Field Type Required Default Description
name string Yes - Job name
url string Yes - Target URL
selector string Yes - CSS selector for item containers
fields array Yes - Fields to extract
urls string[] No - Multiple entry URLs (overrides url)
Field Type Required Default Description
enabled bool No true Enable/disable job
interval integer No 600 Run interval (seconds)
workers integer No 1 Per-job worker concurrency
Field Type Required Default Description
keywords string[] No - Filter by keywords
search_fields string[] No - Limit keyword search to specific fields
hash_fields string[] No all Fields for dedup hash
Field Type Required Default Description
headers table No - Custom HTTP headers
proxy table No - Proxy configuration
webhook table No - Webhook configuration
notification table No enabled Desktop notification settings
debug bool No false Save raw HTML + extracted JSON
  • name, url, selector, and fields are required and cannot be blank
  • fields must contain at least one entry
  • interval must be > 0
  • workers must be > 0 if set
  • All URLs must be absolute (including webhook.url and proxy.urls)
  • urls must contain at least one valid URL if set
  • Field names must be unique within a job
  • search_fields and hash_fields must reference existing extracted field names
  • Job names and normalized IDs must be unique across all jobs
# Shorthand - "name:selector" (defaults to text content)
fields = ["title:h2", "link:a@href"]
# Full form - explicit selector and attribute
fields = [
{ name = "title", selector = "h2", att = "text" },
{ name = "link", selector = "a", att = "href" },
]
[proxy]
enabled = true
rotate = "RoundRobin" # or "Sticky", "Random"
urls = [
"socks5://proxy1:1080",
"http://proxy2:8080",
]

By default SpyWeb hashes all extracted fields to determine if an item is new.
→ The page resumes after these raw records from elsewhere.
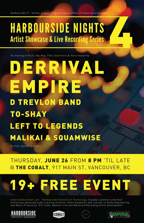 Harbourside Nights 4, Derrival , Empire, D Trevlon Band, To-Shay, Left to Legends, Malikai and Squamwise @ The Cobalt Jun 26 2014 - Feb 4th @ The Cobalt
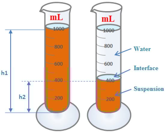 A certain amount of iron ore sample was weighed, and the appropriate amount of water was added. All samples used in the settling experiment were ground to a similar particle size distribution, with 70 per cent of the particles in the slurry smaller than 0.074 mm [7]. The samples used for settling experiments each time had a dry basis weight of 300 g and were pre-mixed to a slurry concentration of about 25% with an initial height of liquid level of about 300 mm. The prepared slurry was poured into a 1000 mL measuring cylinder and shaken evenly. The measuring cylinder was then placed on a horizontal platform, and the real-time settling height (i.e., solid–liquid interface height) of the iron ore vs. settling time was recorded. Recordings were taken every minute for the first 20 min and every 10 min for the subsequent 40 min. A schematic diagram of the experiment on settling characteristics is shown in Figure 2.
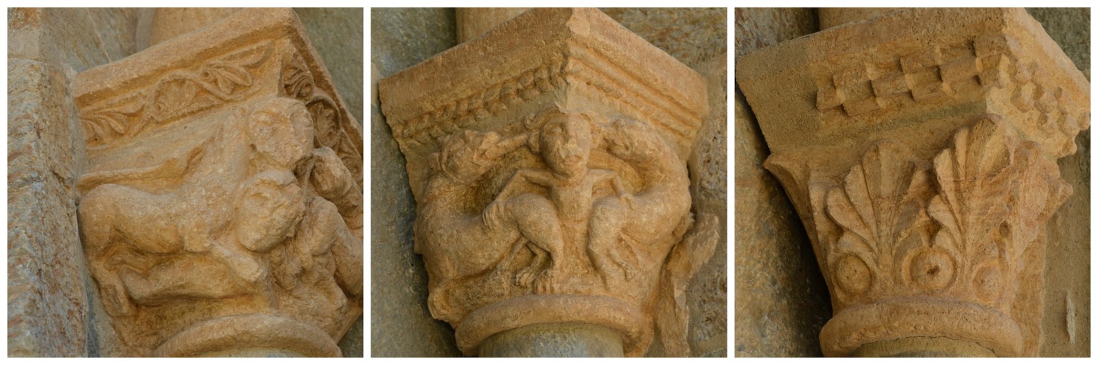 En la portada posee una decoración también diferente al resto, destacando el Crismón y unos capiteles decorados sobre las columnas de la puerta de acceso.
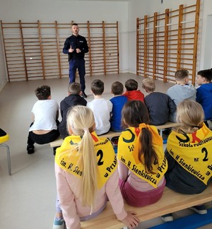 Dziś (13.01) dzielnicowy z Komendy Powiatowej Policji w Przasnyszu, mł. asp. Tomasz Borowy, odwiedził uczniów klas trzecich Szkoły Podstawowej nr 2 w Przasnyszu. Spotkanie poświęcone było zagadnieniom cyberprzemocy, hejtu oraz odpowiedzialności karnej nieletnich.

This catches every update (price changes, modified descriptions).

For volatile data that changes independently (e.g. date_posted, view_count), use hash_fields to specify only the fields that uniquely identify the item:

hash_fields = ["link"]

If all specified hash_fields are empty for an item, SpyWeb falls back to hashing all fields.

[webhook]
enabled = true
url = "https://your-webhook.example.com/endpoint"
headers = { "Authorization" = "Bearer your-token" }

To reshape the webhook payload (e.g. for Discord embeds or Slack blocks), use before_webhook in your hooks. See Webhook Payloads for details.

[notification]
enabled = true
timeout = 5000
title = "Found {item_count} new items from {job_name}"
body = """
Title: {title}
Link: {link}
Keywords: {matches}
"""

Available tags: {job_name}, {url}, {item_count}, {timestamp}, {matches}, {match_count}, and any extracted field name.

Most desktop OS restrict notification bodies to about 4 lines. Templates with multiple fields per item will show roughly one record per pop-up.